Unpacking The BowlUnpacking The BowlAn editorial series on marijuana legalization.

It has been nearly 82 years since marijuana was first officially banned as an illicit substance in the United States. Over that time, we have seen incredible changes across our nation. We have survived a world war and the Cold War, seen the sexual revolution and legalization of abortion, impeached a president, and suffered the rise of reality TV. But somehow, marijuana remains taboo as thousands are unjustly imprisoned through an ill-advised and ill-fated war on drugs. After decades of such folly, the choice is clear: We must legalize marijuana as the next step on our path to the breakdown of all laws and societal norms. If we someday want to live in a world where heroin, sex trafficking, and murder are all permitted, we need to start by legalizing pot.

For years, critics have warned that marijuana is a slippery slope to more dangerous drugs and activities—they are correct, and that is exactly why it should be legalized. Ending the prohibition on cannabis will send a clear message that we are a society on the verge of collapse, and hopefully inspire the citizens of this nation to make the final push over the edge. The Onion’s editorial board dreams of a day when stabbing someone in the spinal column and eating them in the street is perfectly legal. We’ve been fighting since day one against restrictions on human freedom, and a world in which marijuana is legal is a world not far from legalizing assault or bestiality. We will break the stifling bonds of human morality once and for all.

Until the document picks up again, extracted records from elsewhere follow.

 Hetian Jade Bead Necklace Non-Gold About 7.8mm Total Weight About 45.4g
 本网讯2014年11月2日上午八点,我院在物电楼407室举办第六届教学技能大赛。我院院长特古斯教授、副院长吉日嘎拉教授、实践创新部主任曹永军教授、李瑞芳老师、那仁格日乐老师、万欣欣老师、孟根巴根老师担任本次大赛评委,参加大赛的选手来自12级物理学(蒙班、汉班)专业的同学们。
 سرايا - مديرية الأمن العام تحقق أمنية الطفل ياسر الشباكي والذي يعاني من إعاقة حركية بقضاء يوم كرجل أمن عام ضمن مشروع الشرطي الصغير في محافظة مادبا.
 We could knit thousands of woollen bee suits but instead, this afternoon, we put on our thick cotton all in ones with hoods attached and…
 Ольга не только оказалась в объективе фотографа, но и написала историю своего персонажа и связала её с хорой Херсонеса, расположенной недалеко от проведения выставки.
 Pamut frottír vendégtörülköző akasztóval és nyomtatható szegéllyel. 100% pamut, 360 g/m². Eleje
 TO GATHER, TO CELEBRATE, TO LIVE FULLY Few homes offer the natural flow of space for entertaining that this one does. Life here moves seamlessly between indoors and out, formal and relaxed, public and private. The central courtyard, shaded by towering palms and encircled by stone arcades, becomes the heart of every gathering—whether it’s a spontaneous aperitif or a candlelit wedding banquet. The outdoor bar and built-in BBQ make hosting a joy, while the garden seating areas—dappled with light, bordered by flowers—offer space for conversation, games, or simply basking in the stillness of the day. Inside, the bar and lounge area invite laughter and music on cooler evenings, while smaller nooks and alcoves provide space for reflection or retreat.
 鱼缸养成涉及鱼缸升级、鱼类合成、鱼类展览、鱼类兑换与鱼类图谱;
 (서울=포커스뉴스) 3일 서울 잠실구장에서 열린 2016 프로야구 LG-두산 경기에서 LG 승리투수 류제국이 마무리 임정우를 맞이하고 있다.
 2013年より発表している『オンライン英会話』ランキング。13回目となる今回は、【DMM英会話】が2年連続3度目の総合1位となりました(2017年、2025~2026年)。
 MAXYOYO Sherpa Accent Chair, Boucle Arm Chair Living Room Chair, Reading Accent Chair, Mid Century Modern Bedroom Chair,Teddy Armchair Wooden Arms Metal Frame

Ever since our auspicious founder Friedrich Siegfried Zweibel fled the Prussian government’s attempts to prosecute him for “selling potatoes black with rot and herring of a most foul composition” and crossed the Atlantic to find freedom in America, we have stood against the tyranny of government control. America’s Finest News Source was at the forefront of the fight against prohibition and authoritarian workplace safety laws. We have worked tirelessly to dismantle all the corrupt institutions that seek to impose limits on human behavior. Thousands in America are unjustly imprisoned on marijuana-related offenses, and millions more are unjustly imprisoned for theft, arms smuggling, and vehicular homicide. This is a crime against nature. No man’s hands should be bound, none of his thirsts should remain unquenched, no child should remain unemployed.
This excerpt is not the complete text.